*** Opening Input ***

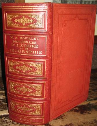 In-4° piccolo, pp. VII, 2144, splendida legatura ceva m. pelle rossa con titolo, filetti e fregi ornamentali in oro al dorso. Piatti in percallina rossa con filettature e decori impressi a secco. Sguardie marmorizzate. Testo bicolonne. Una dedica primonovecentesca. Ottimo stato. Amplissimo dizionario storico, geografico e mitologico moltissime volte ristampato, qui rifuso e riveduto per le cure del Gourraigne. La prima edizione è del 1842. Il Bouillet (Parigi, 1798-ivi, 1865) fu poligrafo, professore di filosofia, ispettore generale della pubblica istruzione, traduttore di opere greche e latine.
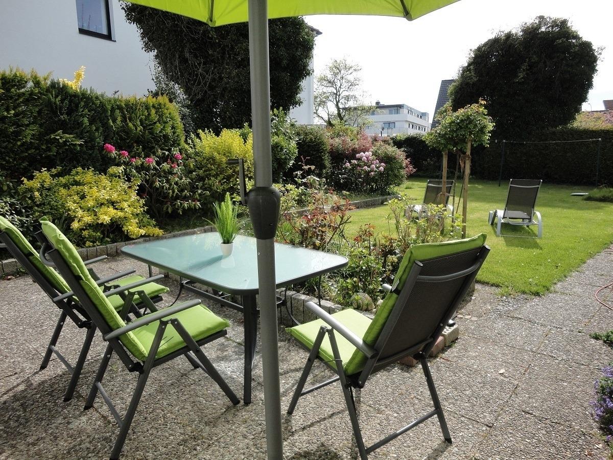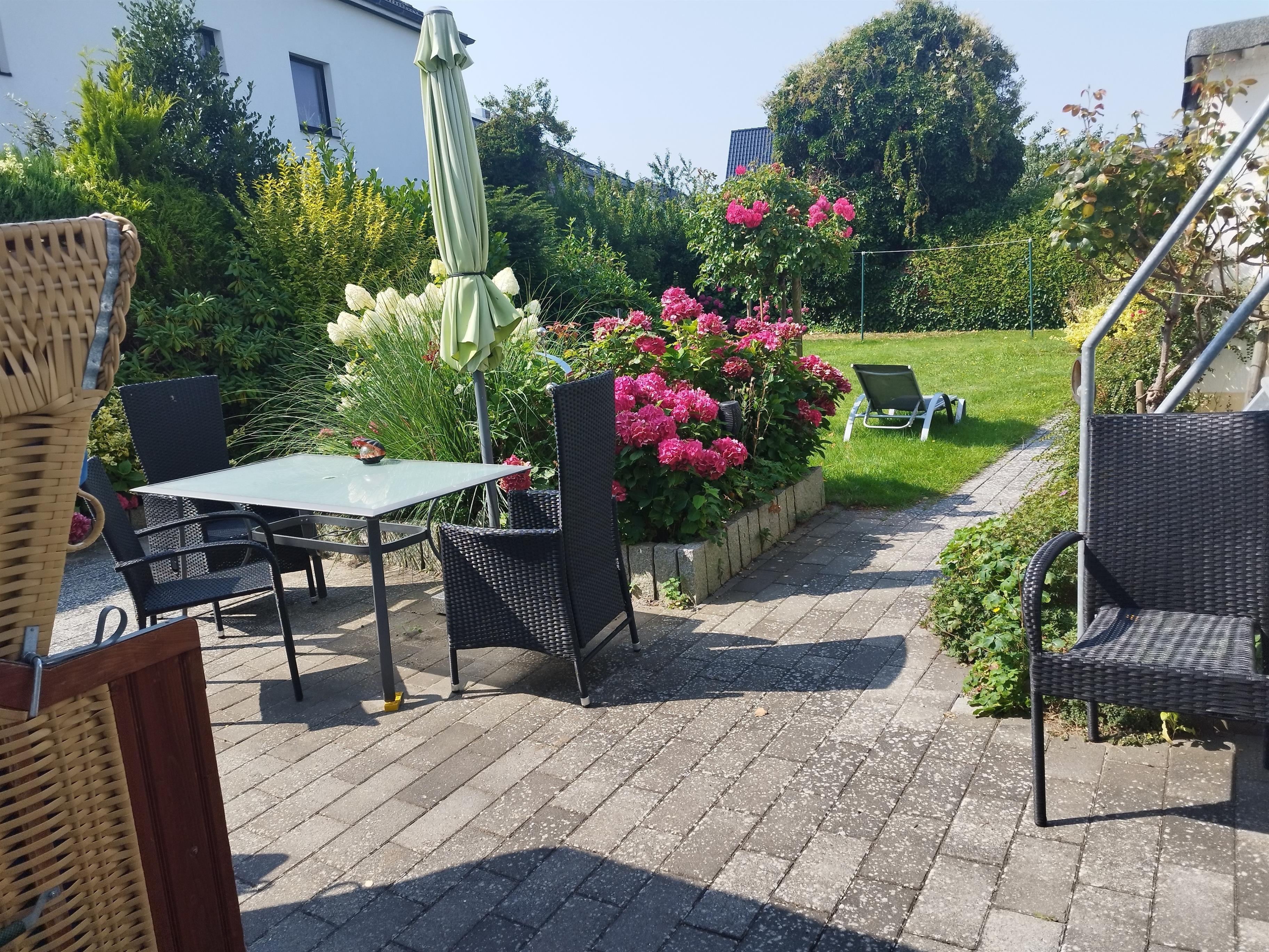 Möblierte Terrasse nach Südwest hier genießen Sie die Sonne von morgens bis zum Abend. Extras die nix kosten: Kinderbett, Chicco Kindersitz auf Stuhl anzubringen. Ki.- Tritt fürs Waschbecken, W-LAN, Sajfe, eigener Parkplatz u. Fahrradschuppen.
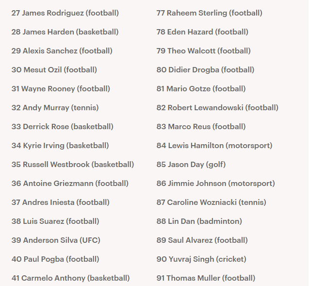 I dyti në listë është basketbollisti amerikan LeBron James, i ndjekur nga ylli argjentinas i Barcelonës, Leo Messi.
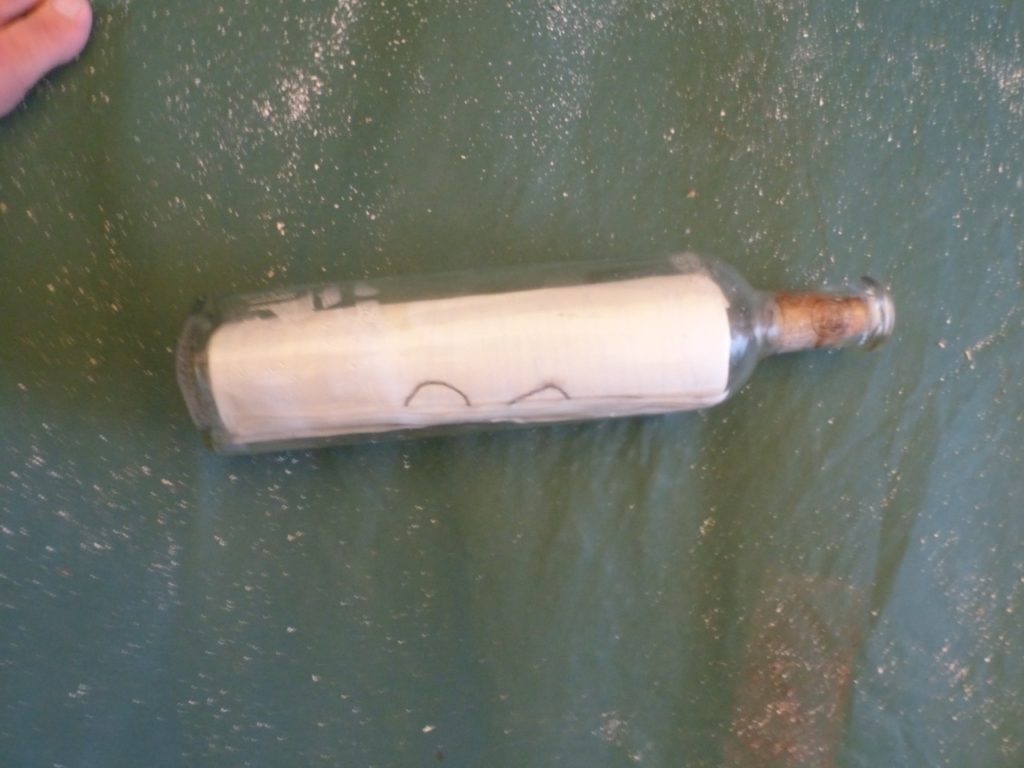 Mino wrote: “Walking over to the bottle I pick it up and examine the contents. Instantly I realize what I’ve found: a message in a bottle. Inside are rolled up pieces of paper, and on further examination I can make out some typed words. Excitement takes a hold of me, and I wave the bottle in the air for my teammate to see offshore. Packing the bottle away, I finish the survey and meet the small boat to get on and we head back to camp.“
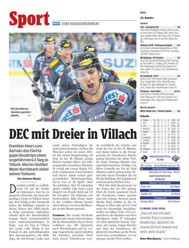 Dornbirn feiert zum Auftakt des fünftägigen Roadtrips einen ungefährten 6:3-Sieg in Villach. Martin Grabher Meier durchbrach dabei seinen Torbann.
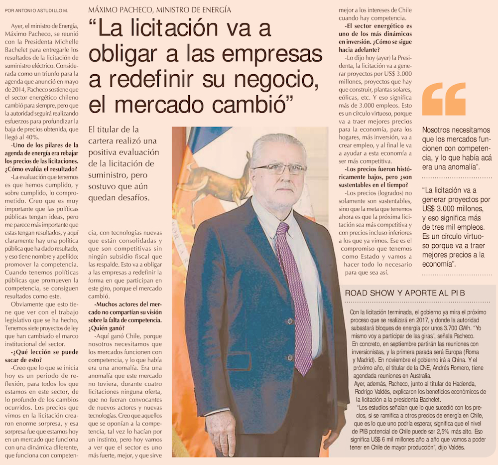 Bachelet y Valdés apuestan a sacar rédito político del éxito de Pacheco en licitación eléctrica - (El Mostrador)

*** Closing Input ***

**Problem to solve:**
Transcribe all of the material exactly and leave out its pictures.

**Solution for this problem:**
 In-4° piccolo, pp. VII, 2144, splendida legatura ceva m. pelle rossa con titolo, filetti e fregi ornamentali in oro al dorso. Piatti in percallina rossa con filettature e decori impressi a secco. Sguardie marmorizzate. Testo bicolonne. Una dedica primonovecentesca. Ottimo stato. Amplissimo dizionario storico, geografico e mitologico moltissime volte ristampato, qui rifuso e riveduto per le cure del Gourraigne. La prima edizione è del 1842. Il Bouillet (Parigi, 1798-ivi, 1865) fu poligrafo, professore di filosofia, ispettore generale della pubblica istruzione, traduttore di opere greche e latine.
 Möblierte Terrasse nach Südwest hier genießen Sie die Sonne von morgens bis zum Abend. Extras die nix kosten: Kinderbett, Chicco Kindersitz auf Stuhl anzubringen. Ki.- Tritt fürs Waschbecken, W-LAN, Sajfe, eigener Parkplatz u. Fahrradschuppen.
 I dyti në listë është basketbollisti amerikan LeBron James, i ndjekur nga ylli argjentinas i Barcelonës, Leo Messi.
 Mino wrote: “Walking over to the bottle I pick it up and examine the contents. Instantly I realize what I’ve found: a message in a bottle. Inside are rolled up pieces of paper, and on further examination I can make out some typed words. Excitement takes a hold of me, and I wave the bottle in the air for my teammate to see offshore. Packing the bottle away, I finish the survey and meet the small boat to get on and we head back to camp.“
 Dornbirn feiert zum Auftakt des fünftägigen Roadtrips einen ungefährten 6:3-Sieg in Villach. Martin Grabher Meier durchbrach dabei seinen Torbann.
 Bachelet y Valdés apuestan a sacar rédito político del éxito de Pacheco en licitación eléctrica - (El Mostrador)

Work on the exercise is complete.